Once students have played a number of variations using counters, try the variation here in which players advance on a “ladder,” and the winner is the person who reaches the top rung first. You can find another version of the game, this one using playing cards, in Math for Smarty Pants by Marilyn Burns, p. 64.

If you are working with students in middle school or beyond, challenge them to come up with a winning strategy that would apply to any configuration.  

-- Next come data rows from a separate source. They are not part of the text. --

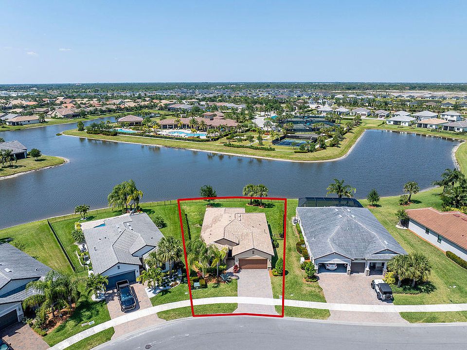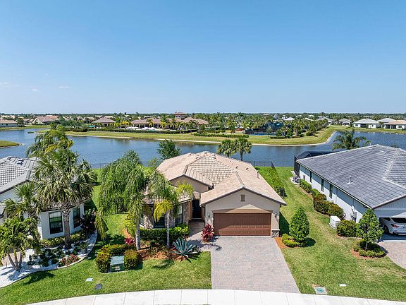 ITS*ALL*ABOUT*THE*VIEWS! This house has one of the most unique views and yard in all of Veranda Gardens. It is a pie shaped lot with over 80' along the largest lake. Stunning views run from all sides including deep water and gorgeous sparkling sunsets! The oversized yard is fully fenced and private looking over the water to the resort style clubhouse. The house has tons of natural light throughout and so peaceful staring out to the blue skies and water. House was redone from the original builder w/ wood look porcelain tile floors, expanded Kit island w/ 3'' quartz counter, designer fixtures, plantation shutters, crown moulding, whole house water filtration system, impact windows and doors, expanded garage, and more! Great location close to the turnpike and 95!
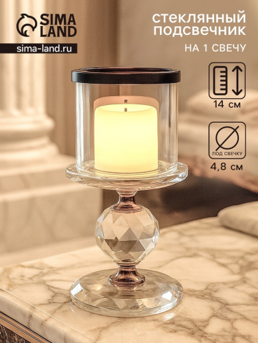 Стеклянный подсвечник на 1 свечу «Кристалл шар», чёрные вставки, 14×7×7 см
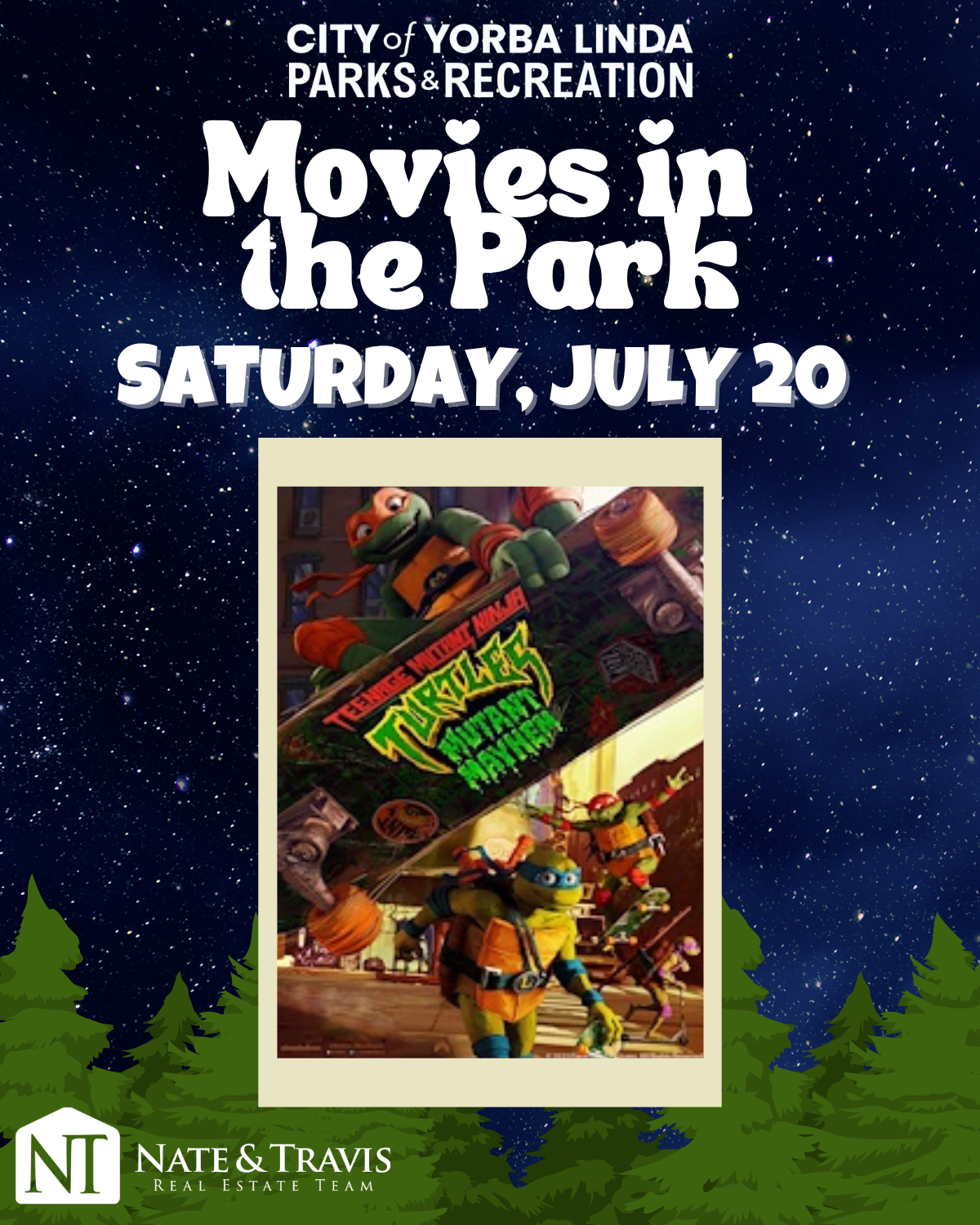 Come join us at Eastside Community Park to enjoy a special showing of Teenage Mutant Ninja Turtles: Mutant Mayhem. Enjoy a Saturday evening in the park while watching a family-friendly movie on our 20ft inflatable movie screen. No pre-registration required. Make sure to bring a blanket or lawn chair for seating and some snacks! The movie will start at dusk; approximately 8 p.m.

This game, as well as the Factor Game, which I wrote about in my previous blog post, are both very engaging and can help students to think analytically.  But even more than that, they both nicely model an excellent structure for presenting almost all new material in math, certainly up to and including beginning algebra.  In both games I’ve described, students begin by doing a certain activity several times.  After they have had some experience with the activity and have a beginning sense of how the activity works, they are asked to analyze it, that is, to figure out in much more detail, exactly how it works, which means, understanding the fundamental relationships at play.  The activity is governed by rules that make it clear whether a suggested solution is adequate or not.   The student’s analysis will involve some trial and error and will benefit from some way of recording their observations.  The teacher’s role throughout this process is primarily to serve as a coach who can help the student record her work, break it into smaller parts, and help her evaluate the adequacy of her solutions.  Although previous knowledge is useful, if not essential, to perform the task, the student’s job isn’t simply to parrot some previously learned information, but to apply it to a particular task.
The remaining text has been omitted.